DATA SECTION:
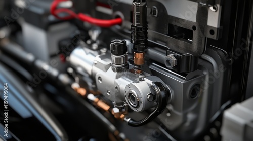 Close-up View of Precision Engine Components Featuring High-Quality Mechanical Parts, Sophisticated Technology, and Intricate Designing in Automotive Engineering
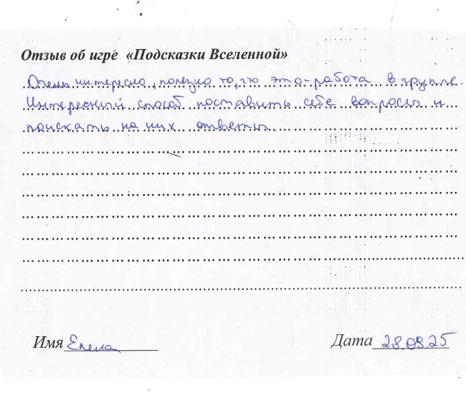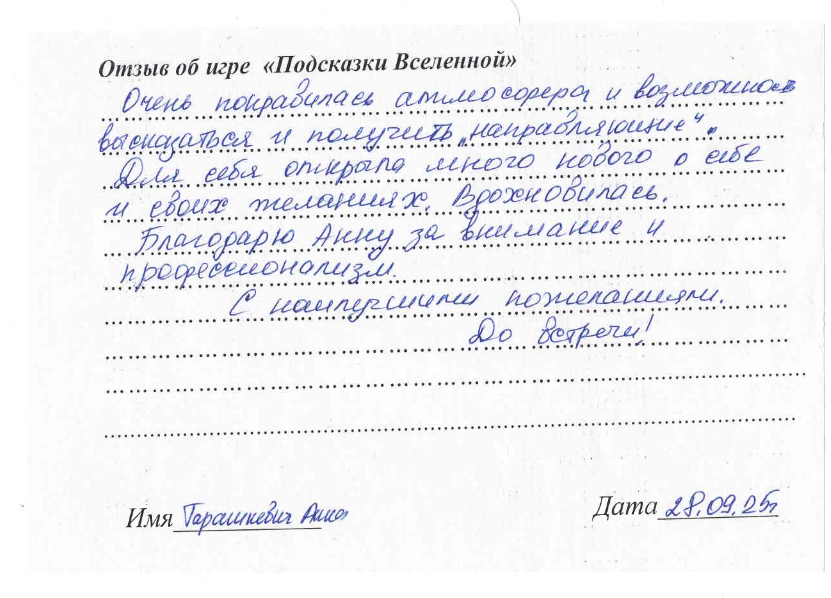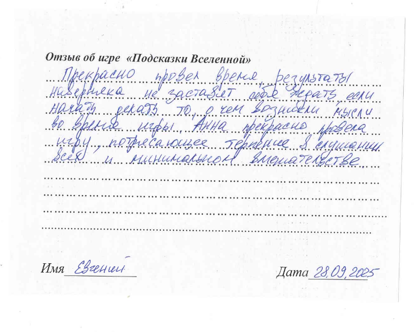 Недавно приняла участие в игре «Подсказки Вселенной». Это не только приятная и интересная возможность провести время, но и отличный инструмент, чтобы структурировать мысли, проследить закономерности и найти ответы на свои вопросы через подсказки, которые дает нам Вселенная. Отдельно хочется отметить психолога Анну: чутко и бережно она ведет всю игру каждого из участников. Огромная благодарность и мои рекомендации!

==

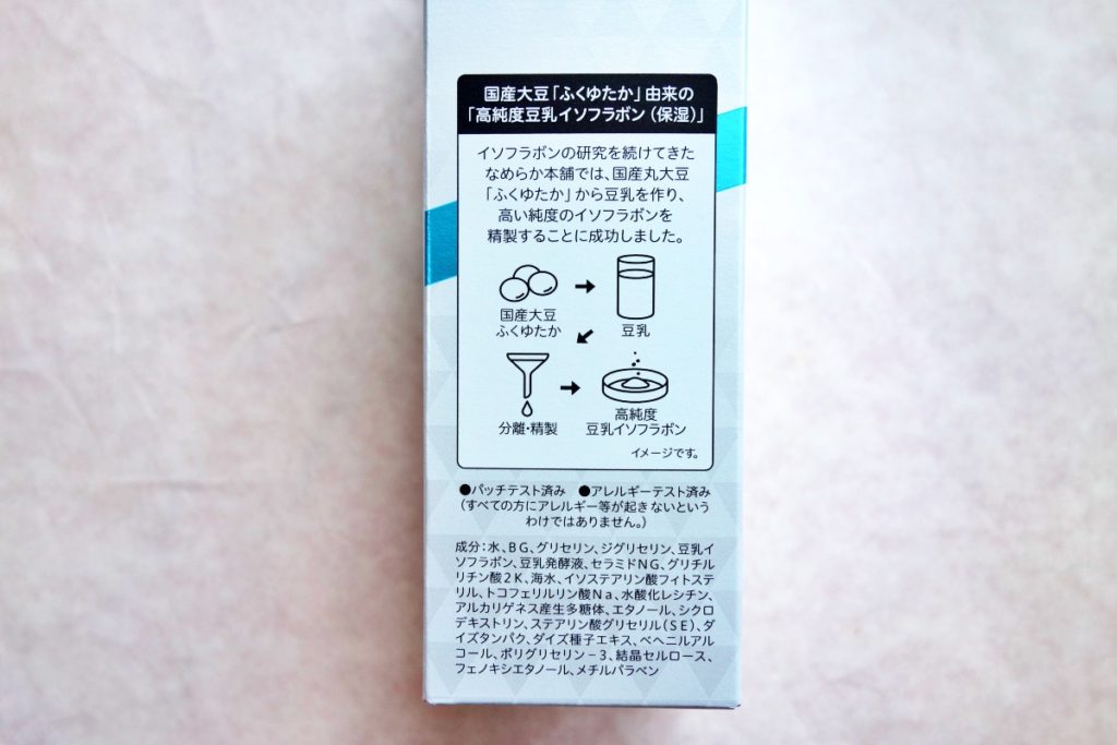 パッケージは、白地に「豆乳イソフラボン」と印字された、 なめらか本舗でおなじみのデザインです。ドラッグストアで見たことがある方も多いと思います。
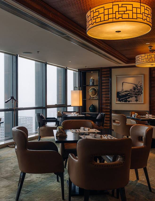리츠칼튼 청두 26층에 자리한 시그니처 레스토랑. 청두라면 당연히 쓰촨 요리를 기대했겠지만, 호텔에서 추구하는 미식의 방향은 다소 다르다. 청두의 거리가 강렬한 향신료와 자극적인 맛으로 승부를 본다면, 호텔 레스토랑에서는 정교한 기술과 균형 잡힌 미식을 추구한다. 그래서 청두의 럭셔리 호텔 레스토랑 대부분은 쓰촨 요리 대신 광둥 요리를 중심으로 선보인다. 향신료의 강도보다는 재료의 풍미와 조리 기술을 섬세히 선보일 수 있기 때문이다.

--

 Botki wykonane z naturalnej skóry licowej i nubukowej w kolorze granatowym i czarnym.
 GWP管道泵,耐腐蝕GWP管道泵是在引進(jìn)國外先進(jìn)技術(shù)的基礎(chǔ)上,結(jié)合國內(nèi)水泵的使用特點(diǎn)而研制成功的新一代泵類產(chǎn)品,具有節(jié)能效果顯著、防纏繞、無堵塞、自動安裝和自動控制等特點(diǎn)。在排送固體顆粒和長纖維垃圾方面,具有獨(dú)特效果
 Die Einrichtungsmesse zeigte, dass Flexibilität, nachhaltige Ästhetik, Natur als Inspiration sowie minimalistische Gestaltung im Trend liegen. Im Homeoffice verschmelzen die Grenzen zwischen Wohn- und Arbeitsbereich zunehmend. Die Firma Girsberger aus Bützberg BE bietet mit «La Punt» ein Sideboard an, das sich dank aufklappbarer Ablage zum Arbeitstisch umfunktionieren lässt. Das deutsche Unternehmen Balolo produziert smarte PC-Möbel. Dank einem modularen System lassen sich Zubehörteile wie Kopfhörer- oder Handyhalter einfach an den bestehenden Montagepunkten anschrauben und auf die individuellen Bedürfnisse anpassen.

WHAT YOU WILL DO:
From the entries above, copy exactly the lines starting at the one with "Close-up View of" and stopping at the one with "Недавно приняла участие", keeping both ends. Drop the pictures.

EXERCISE OUTPUT:
 Close-up View of Precision Engine Components Featuring High-Quality Mechanical Parts, Sophisticated Technology, and Intricate Designing in Automotive Engineering
 Недавно приняла участие в игре «Подсказки Вселенной». Это не только приятная и интересная возможность провести время, но и отличный инструмент, чтобы структурировать мысли, проследить закономерности и найти ответы на свои вопросы через подсказки, которые дает нам Вселенная. Отдельно хочется отметить психолога Анну: чутко и бережно она ведет всю игру каждого из участников. Огромная благодарность и мои рекомендации!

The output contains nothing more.